Having lived in Belfast for most of the 1980’s and 1990’s, the seventeen year old Claire was filled with hope and optimism when the Good Friday Agreement (GFA ) was signed in 1998. Now, almost twenty five years later, she does not believe the promise of that time has lived up to its potential. ‘Alas, I feel the GFA has not been properly worked: the core ethos of partnership, compromise and the structures are sound, but we have power division in many cases’. There are still ‘high degrees of sectarianism’, and the ‘polarisation caused by Brexit is forcing binary choices on people and the potential of the GFA has not been realised’. She is scathing of Brexit and its architects. ’The DUP are in a terrible tailspin over Brexit, and have made a series of catastrophic errors which have damaged the community, and they have no plan for how to get out of it. They have shackled themselves to the far right of the Tory party’. She is frustrated that ‘the turbulent time we are now in is due to DUP mistakes’. ’Sinn Féin or the DUP could have given us a soft Brexit, but, of course, neither of them did’, Claire adds.

Practical politics

|n a political world which seems increasingly dominated by grandstanding and playing to the gallery, it is refreshing to meet a politician whose concerns are about improving people’s lives in the here and now. This is another disadvantage of the political landscape becoming so dominated by the Brexit debate. This finger wagging is not her kind of politics. For Claire, politics is not about trying to fool people, and oneupmanship, it is about her children’s future, the health system, the education system and trying to make things better for all in society.
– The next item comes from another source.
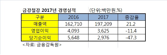포스코 가공센터 금강철강(대표 주광남, 주성호)이 연결 재무제표 기준 지난해 영업이익이 36억2,500만원으로 전년대비 11.4% 감소했다고 22일 공시했다.

She is passionate, but also reluctant to engage in political point scoring. Frustrated at how daily political discourse has become so negative, she would ‘lose my seat and gracefully retire before I’d play some of the political games you have now’.

New Ireland

So what is her, and the SDLP’s, vision for a new Ireland? Again, she warms to her practical politics theme. She believes in good government and also in anti-sectarianism. Northern Ireland has ‘not enjoyed good governance in a century, and certainly not in recent years’. She is happy that the analysis outlined by Hume and Mallon over many years, against which Unionism and Republicanism railed, has now become the norm. The simplistic slogans of ‘Brits out’ and ’No road to Dublin’ may win some electoral advantage, but the new Ireland will not just be about changing the name over the door, ‘what is this new Ireland for?’ is the question she poses. She is happy to provide the answer, ‘it is about making society better now, not waiting for constitutional change’. You cannot put issues on the long finger, and hope the new Ireland will sort out everything for you. When a new Ireland emerges, it is going to take time, and not be a single event. It may take decades, and as Hume pointed out, ultimately the new Ireland is ‘about uniting people, not territory’. She still feels the communities ’need to reconcile with each other, and ‘Brexit gave us lessons on how you don’t do constitutional change’. ’There are increasing numbers who don’t identify as nationalist or unionist, and they will help decide the future. The process will take time, and we ’need to do better than just reversing partition’. There is the potential danger of having a large trapped minority, ‘people at sea, and upset with no affinity with the Irish state’.

The DUP opposed the GFA and now want to cloak themselves in the language of the agreement. On the other side, some who proclaim the new Ireland wants to include everybody are then shouting ‘Up the Ra’ a few days later.

She is not optimistic, but hopeful, that the new Prime Minister will ‘see the logic of having good relationships with your neighbour’, and maybe British-Irish relations will improve once the Tory leadership election is out of the way.

Claire remembers her father in shock and tears, kneeling in front of the television, at the time of the Remembrance Day bombing in Enniskillen in 1987. A few years earlier, he had taken his wife and family from the security, and beauty, of county Galway to try to make a difference in his native Belfast. When Claire now remembers childhood summers, it is always Barna that comes to mind. The work undertaken by her parents almost forty years ago continues today, with their daughter, Claire Hanna MP, Galway girl, native of Barna.